在窗下打开,她借着明亮的月光,在里面找出赵仪写给他舅舅的那封信,然后把包盒恢复原样,放回原位。
小河边。
拴在树上的两匹马正睡得沉。
小六等得有些焦急,时不时往驿站的方向看上一会。
这一回终于看到了沈令月,他松口气迎上去道:“月姑娘你总算是回来了,怎么样,拿到了吗?”
沈令月怕小六身手不够耽误事,所以没让他跟去。
她走过小六面前,直接去解绳扣拉起马来道:“拿到了,这里连个借宿的地方都没有,咱们直接回去吧。”
小六听到这话便放松了。
他也解了自己的马,拉起马来说:“月姑娘,您私下里收徒弟吗?您考不考虑收徒啊,我太想拜您当师傅了!”

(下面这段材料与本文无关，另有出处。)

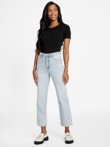 Tricou Cu Logo Brodat Guess Lizza, Negru Jet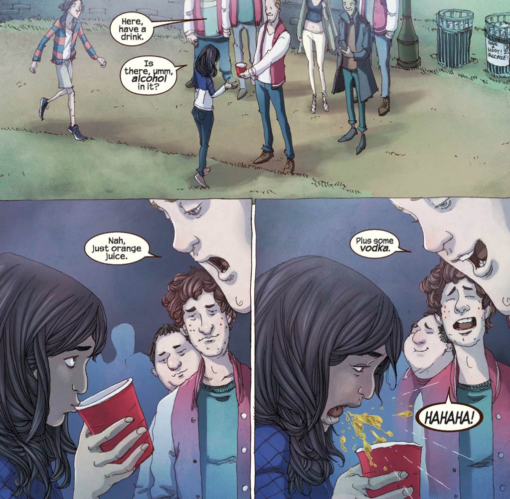 Kamala goes with Bruno to the party, where they meet Nakia and Miguel, who is hovering. A guy offers them a drink and Kamala asks if there is alcohol in it. He tells her it’s just orange juice and she takes a sip, immediately cringing from the taste before the boy reveals there’s vodka in it. This moment is lifted right from the comics.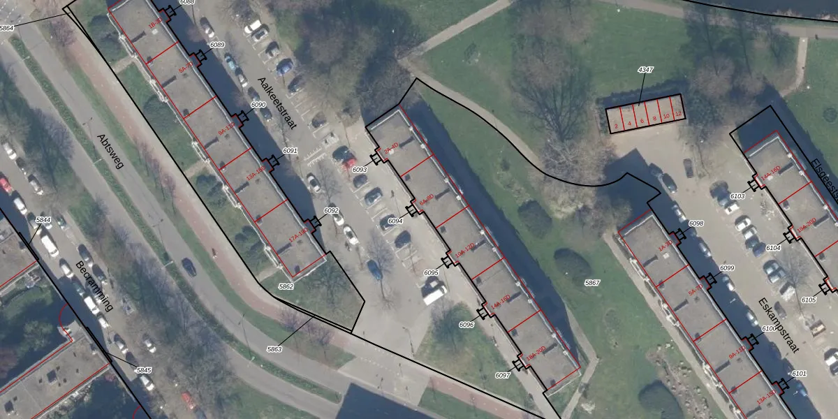 Het perceel waarop Aalkeetstraat 8-D staat heeft een oppervlakte van 4655 m². Dit is een zeer groot perceel. De perceeloppervlakte wordt geregistreerd door het Kadaster. Gedetailleerde informatie over de maten van dit perceel kunt u vinden in het rapport Kadastrale kaart met maatvoering van Aalkeetstraat 8-D.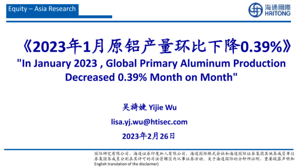 【海通国际】【20230226】2023年1月原铝产量环比下降0.39%-28页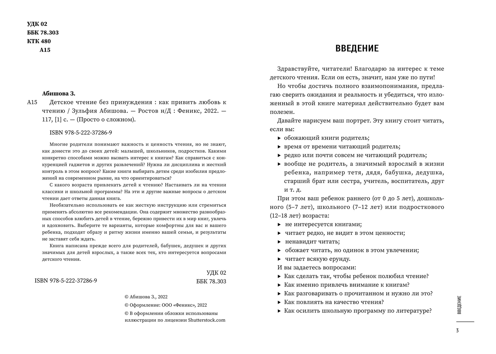 Handling time: 19 days Многие родители понимают важность и ценность чтения, но не знают, как донести это до своих детей: малышей, школьников, подростков. Какими конкретно способами можно вызвать интерес к книгам? Как справиться с конкуренцией гаджетов и других развлечений? Нужна ли дисциплина и жесткий контроль в этом вопросе? Какие книги выбирать детям среди изобилия предложений на современном рынке, на что ориентироваться? С какого возраста привлекать детей к чтению? Настаивать ли на чтении классики и школьной программы? На эти и другие важные вопросы о детском чтении дает ответы данная книга. Необязательно использовать ее как жесткую инструкцию или стремиться применять абсолютно все рекомендации. Она содержит множество разнообразных способов влюбить детей в чтение, бережно привести их в мир книг, увлечь и вдохновить. Выберите те варианты, которые комфортны для вас и вашего ребенка, подходят образу и ритму жизни именно вашей семьи, и результаты не заставят себя ждать. Книга написана прежде всего для родителей, бабушек, дедушек и других значимых для детей взрослых, а также всех тех, кто интересуется вопросами детского чтения.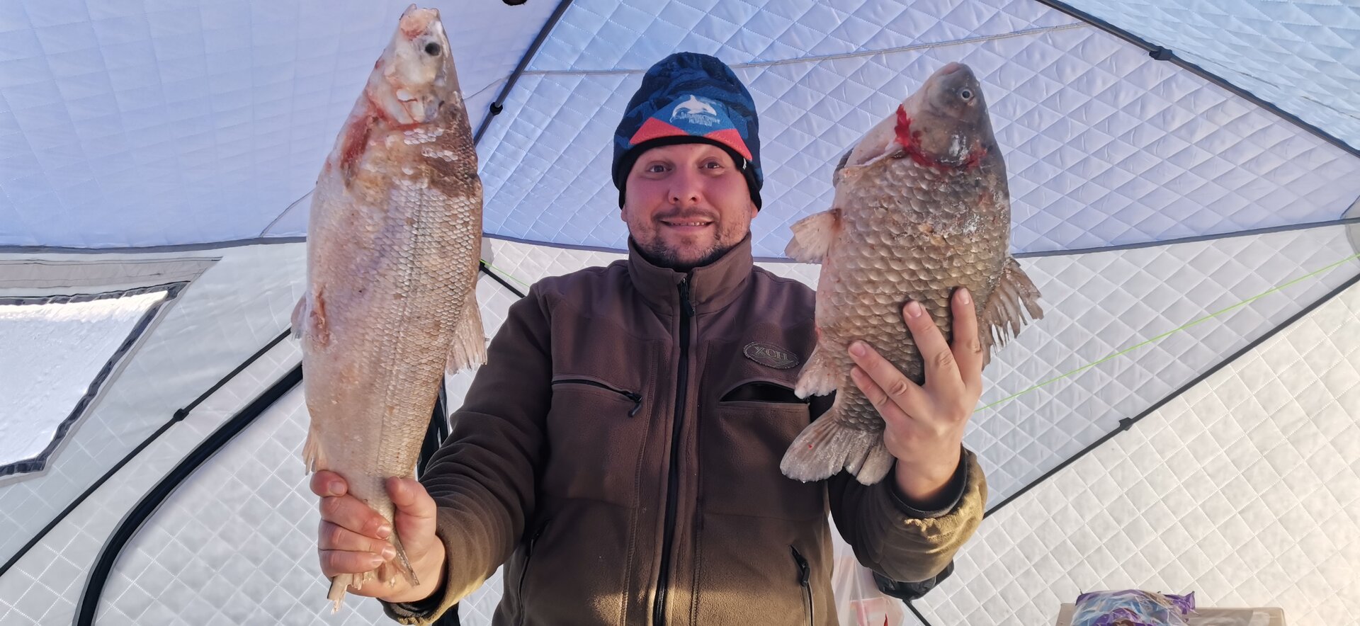 Мы туда приезжали до этого, было четыре Бурана. Все дни, как поставили палатку - никого. Только в день выезда приехал хозяин лунок. Он там пешню и черпак оставлял.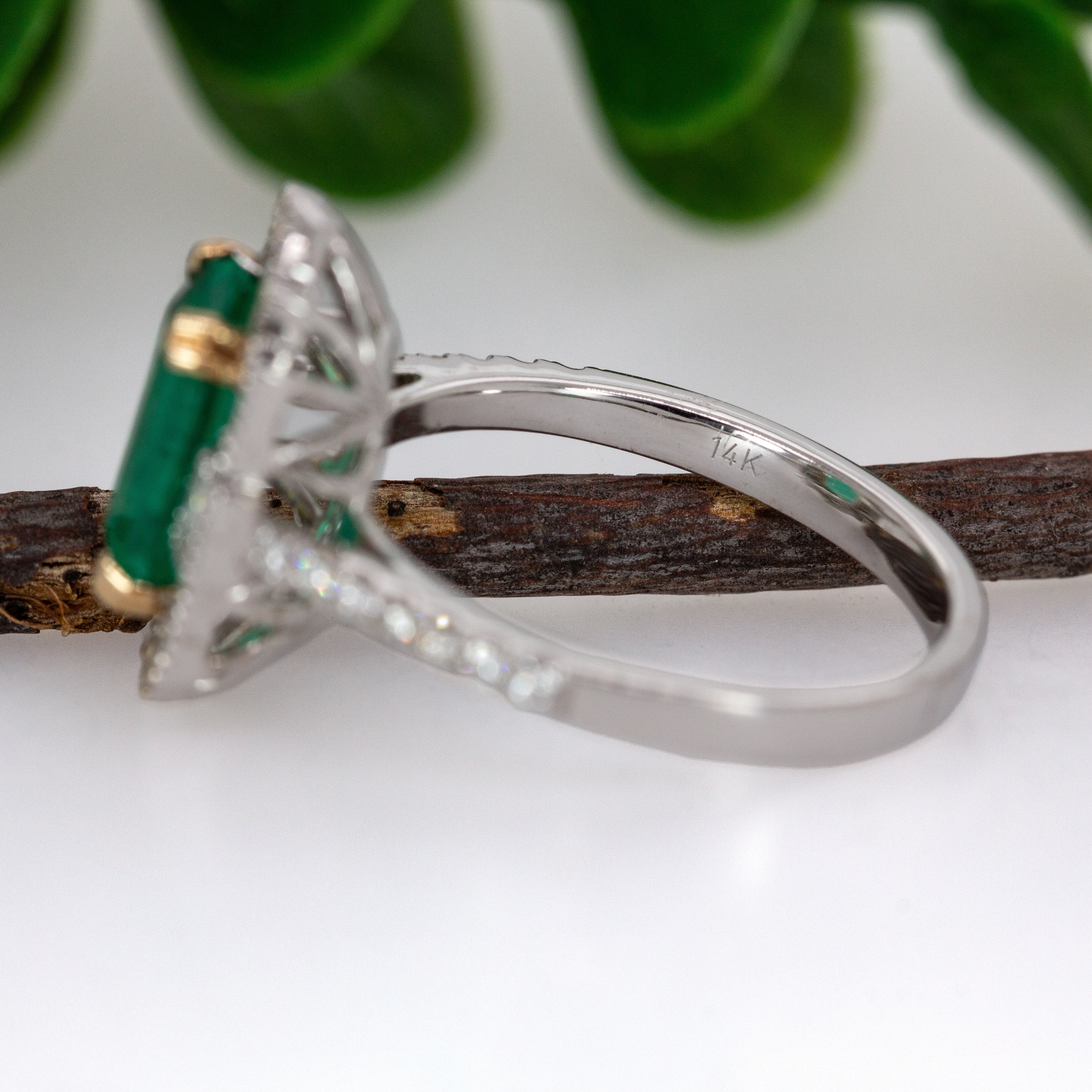 1.8ct Colombian Emerald Ring w Natural Diamond Accents in 14K Gold | EM 9x6mm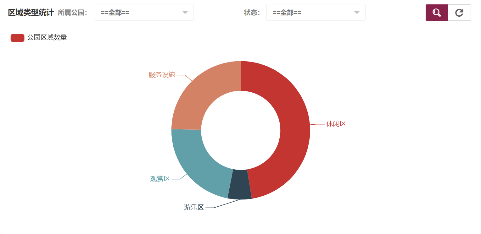 在公园区域统计中可以看到所属公园统计、区域类型统计、状态统计,区域类型统计如图所示: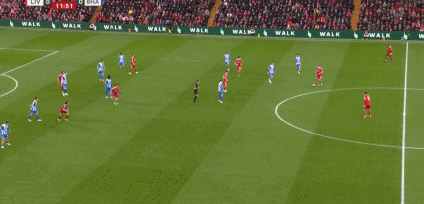 第74分钟,萨拉赫超车强突,三笘薰将球破坏
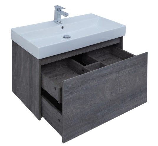 Тумба под раковину Aquanet Nova Lite 90 из влагостойкой ламинированной древесно-стружечной плиты в благородном цвете «дуб рошелье» имеет достойный вид. Фактура натурального дерева выглядит изысканно, а подвесной монтаж придает визуальную легкость тумбе шириной 90 см. Тумба оборудована одним большим ящиком, внутри которого предусмотрен маленький с выемкой для установки сифона и разделителями, где удобно хранить необходимые в ванной комнате мелочи. Фасады выполнены с декоративной интегрированной ручкой, не имеющей острых краев и внутренних углов, что обеспечивает удобство в эксплуатации и легкий уход за мебелью. Направляющие с доводчиками, так что при открывании и закрывании ящикам обеспечен плавный ход и отсутствие неприятных стуков.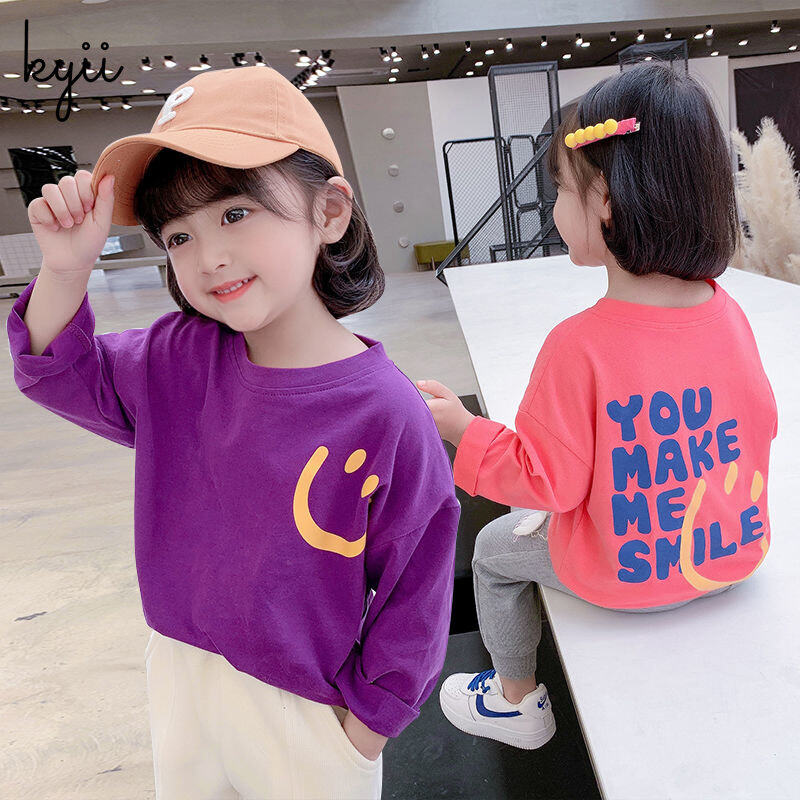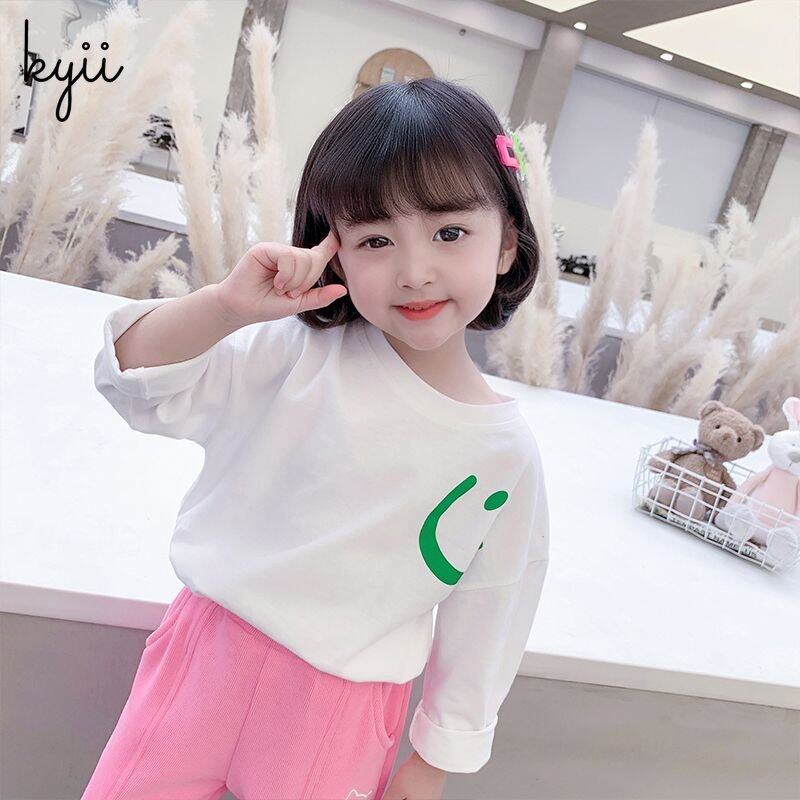 KYII Girls Long Sleeve summer children Cotton Korean Round-neck Top kyii0173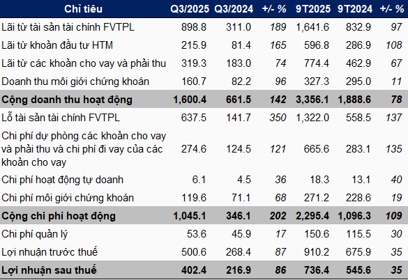 Kết quả kinh doanh quý 3 và lũy kế 9 tháng năm 2025 của ACBS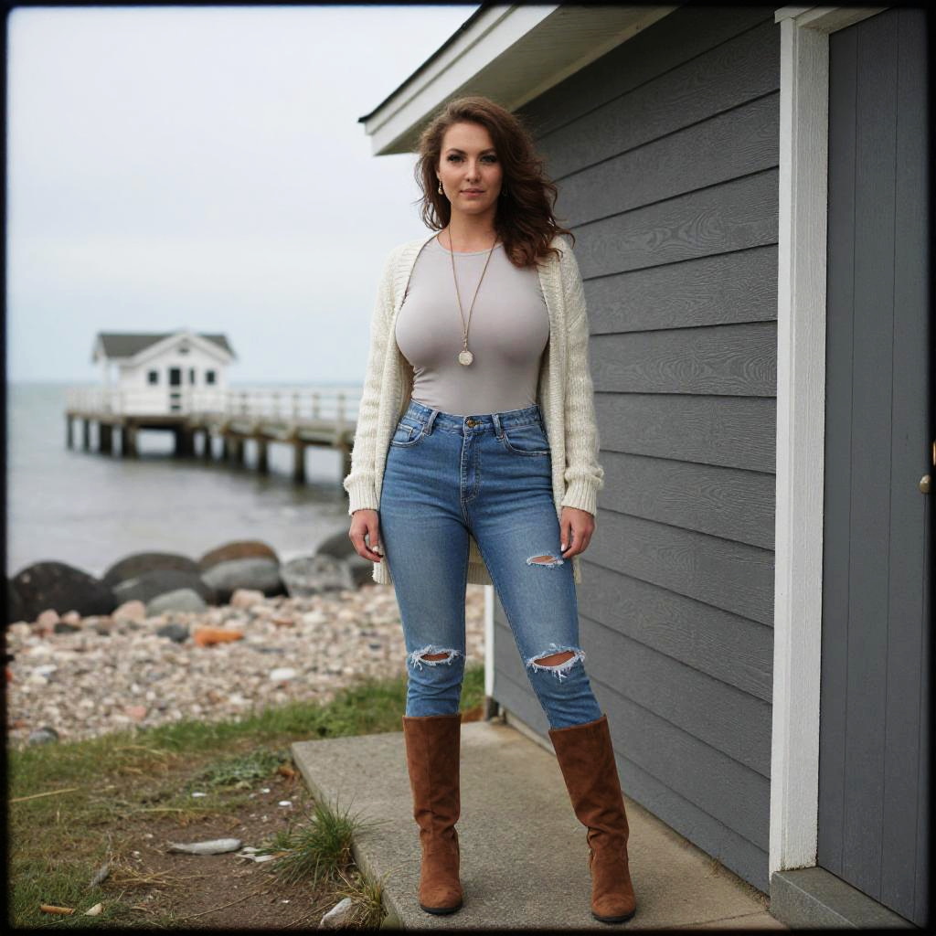 A svelte woman in a light grey long-sleeve top and ripped blue skinny jeans, layered with a cream cardigan, stands at a seaside cottage with a fishing pier, wearing long brown ankle boots and a long pendant necklace. Visual style: lomography analog photo. Sexy. Pretty face and beаutiful eyes. Big breasts

沈令月骑上马,笑了道:“暂时没有这样的打算,我平日里教给你们的东西,你只要好好学,就足够用的了。”
小六没有多缠,骑马跟上道:“我一定好好学!”
***
沈令月和小六又赶了半夜的路。
回到乐溪县城时,天色已经大亮了。
沈令月下马后把马给小六,自己去内宅。
刚进内宅,便看到徐霖正在院子里来回踱步。
徐霖看到她回来,连忙迎上来道:“回来了。”
沈令月没忍住打一个哈欠,把拿回来的信递到徐霖手里,自己去到石桌边坐下来,捧住脸蛋,闭上眼睛说:“找出来的时候,为确保信件无错,我拆开大概扫了一下,借着月光看不太真切,但看出大意是,赵恶霸想找他舅舅,让人在你雇我这个女人到衙门里当差这件事上大做文章。说什么若是私下养着当幕宾也就算了,让女人在衙门里抛头露面当师爷,就是没把老祖宗的规矩放在眼中,严重违背伦理纲常,简直就是,人性的扭曲……道德的沦丧……”
沈令月说完,徐霖也看完了。
他拿着信到石桌边坐下来,看沈令月困得紧,便说了句:“在外面折腾了这么久才回来,先去睡会吧。”
沈令月确实又困又累,好半天才睁开眼睛。
她微耷着眼皮,看着徐霖又说:“这个事确实能做起不小的文章,朝中那些言官又最是会上纲上线搞事情的,芝麻大点的事都能吹嘘得得无比之大,无比之严重……你怎么想?”
徐霖轻轻闷口气道:“若因为这件事要罢我的官,那便罢了吧,这官不做也罢,若想要我的命,也拿去便是,你只管把一切责任推到我身上。”
沈令月看着他笑出来。
而后撑着桌面起身道:“这信暂时是到不了京里了,我不行了,我得去睡个觉。”
说罢便捂着脑袋,进西厢房去了。